Amyris drops out of the agrofuel business
Richard Brenneman
eats shoots n leaves, February 14 2012
http://richardbrenneman.wordpress.com/2012/02/14/amyris-drops-out-of-the-agrofuel-business/
Yep, Amyris [previously], the UC Berkeley-spawned company born of Bill Gates bucks to create an antimalarial drug then reincarnated as a corporation dedicated to creating fuels from plants, is dropping out of the fuel game – in precisely the same way it left the drug business.
Ken Bullis of MIT’s Technology Review explains:
Amyris said it’s giving up making fuels too. Instead, it will to focus on higher value products, such as moisturizers for cosmetics.
The company learned firsthand just how difficult it is to achieve the kind of yields seen in lab tests in large-scale production. In an update call for investors, CEO John Melo said he is "humbled by the lessons we have learned."
This is a common theme for advanced biofuels companies. Range Fuels, one of the first of the current crop of companies, recently went out of business.
Others are giving up on making biofuels too, also hoping to break into markets for higher value chemicals. Although they may be able to get more money per liter of product, some experts warn that these markets are also highly competitive.
Amyris’s technology may still be used to make renewable fuels, but this will happen not at Amyris, but under joint ventures established with Total and Cosan.
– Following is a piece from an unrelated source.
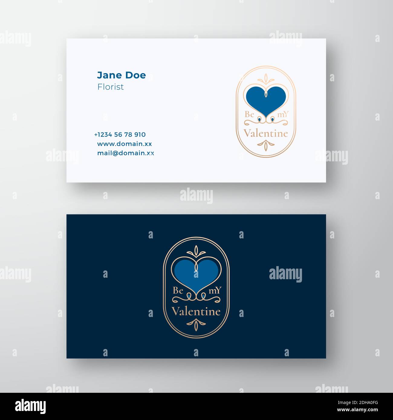 Be My Valentine Abstract Curly Heart Frame Label and Business Card

These ventures will need to build up their own production capacity, Melo told analysts.
http://www.technologyreview.com/blog/energy/27570/
Amyris was created by Jay Keasling, who holds appointments at both UC Berkeley and Lawrence Berkeley National Laboratory, with money from the Bill and Melinda Gates Foundation.
The firm’s original purpose was to produce a low-cost version of artemisin, an antimalarial drug normally derived from the artemisia, the wormwood plant.
Amyris bioengineers genetically tweaked microbes to excrete the chemical, but dreams of lowering costs failed to materialize, and the technology was handed over to pharmaceutical giant Sanofi-Aventis to produce the drug for no profit.
Meanwhile, thousands of small farmers who relied on growing artemisia face the prospect of loss of livelihood, given the pharma giant's powerful marketing machinery.
So having failed to produce a low cost drug, Amyris turned to tweaking microbes to digest cellulose, in hopes of producing fuels.
But again costs got in the way, even after French oil giant Total invested heavily in the company, along with other investors.
The company went public on 28 September 2010, with shares trading at $16.50, rising to a peak of $33.89 four months later. Today, as we write, they’re trading at $6.77, after hitting an all-time low of $6.59 last week.
Lo, how the dreams of the technocrats have fallen. First it was cheap drugs to save the world, then fuel to survive the end of the oil age. Now it's cosmetics.